I'm scared of this default.  To put it another way, why did you pick
100?  Should there be a value which represents infinity?  What is
the meaning of specifying 0, or is that an error?

>                       max-lwps (an integer >= 100)
>                       cpu-shares (a positive integer)
>               dedicated-memory
>                       TBD - once msets [12] are completed
>               capped-memory
>                       cap (a positive decimal number with optional k, m, g,
>                            or t as a modifier, no modifier defaults to units
>                            of megabytes(m), must be at least 1m)

I think this set of rules is too complex and too confusing for users--
it's weird to have the default units be larger than the smallest
available units.  Let's mandate that the user *always* specify units.

> 
> 2) Temporary Pools.
> 
...
>       If a dedicated-cpu (or eventually a dedicated-memory) resource is
>       configured for the zone, then when the zone boots zoneadmd will create
>       a temporary pool dedicated for the zones use.  Zoneadmd will
>       dynamically create a pool & pset (or eventually a mset) and assign the
>       number of cpus specified in zonecfg to that pset.  The temporary pool
>       & pset will be named 'SUNWzone{zoneid}'.
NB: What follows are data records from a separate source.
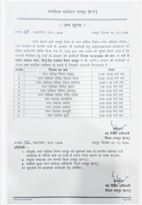 Raipur City News : 5 पालिका, 5 पंचायत और नगर निगम वार्डों के आरक्षण की तारीख तय, कलेक्टर ने जारी किया आदेश...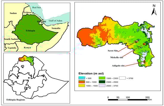 This study was conducted on farmers’ plots at three locations in Tigray, northern Ethiopia, during the growing period (July to November) of two years, 2019 and 2020. These locations are Seret (13°34′49″ N and 39°7′58″ E), Adigolo (12°32′20″ N and 39°30′48″ E), and Mekelle (13°28′43″ N and 39°29′24″ E) (Figure 1). The Mekelle site is approximately 2100 m above sea level (asl) while the other two sites are about 2400 m asl (Figure 1). All study sites have mixed crop–livestock farming systems. Cereal crops such as wheat, barley, teff, and maize were dominantly cultivated in the sites. Pulses like faba beans, peas, and lentils are also grown.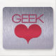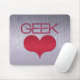 Mousepad Simples, mas legal, com a palavra geek e coração úmido. Avise seus amigos do escritório sobre sua afeição por geeks com este divertido mouse pad! Personalize este design, removendo ou substituindo a imagem de fundo de metal elegante.

Could we somehow work the zone name into this?  It would be nice for
e.g. poolstat(1) observability.  Otherwise the user experience is going
to be all about trying to work out what 'SUNWzone34' maps to, which
seems poor.

>       Zoneadmd will set the 'pset.min' and 'pset.max' pset properties, as
>       well as the 'pool.importance' pool property, based on the values
>       specified for dedicated-cpu's 'ncpus' and 'importance' properties
>       in zonecfg.

Is importance mandatory?  Will it have a default value?  What values can
it have?  What does it mean?  Please be a little more specific.

>       If the cpu (or memory) resources needed to create the temporary pool
>       are unavailable, zoneadmd will issue an error and the zone won't boot.
> 
>       When the zone is halted, the temporary pool & pset will be destroyed.

What about during a reboot.  It seems like it'd be good to not tear
down the temporary pool during reboot, but maybe that's hard.  It would
to me seem weird if my pool was 2-4 CPUs, and I had 2, then rebooted and
had 4.

>       We will add a new boolean property ('temporary') that can exist on
>       pools and any resource set.  The 'temporary' property indicates that
>       the pool or resource set should never be committed to a static
>       configuration (e.g. pooladm -s) and that it should never be destroyed
>       when updating the dynamic configuration from a static configuration
>       (e.g. pooladm -c).  These temporary pools/resources can only be managed
>       in the dynamic configuration.  These changes will be implemented within
>       libpool(3LIB).
> 
>       It is our expectation that most users will never need to manage
>       temporary pools through the existing poolcfg(1M) commands.  For users
>       who need more sophisticated pool configuration and management, the
>       existing 'pool' resource within zonecfg should be used and users
>       should manually create a permanent pool using the existing mechanisms.
> 
> 3) Resource controls in zonecfg will be simplified.
...
>       Here are the aliases we will define for the rctls:
>               alias           rctl
>               -----           ----
>               max-lwps        zone.max-lwps
>               cpu-shares      zone.cpu-shares
>               cpu-cap         zone.cpu-cap (future, once cpu-caps integrate)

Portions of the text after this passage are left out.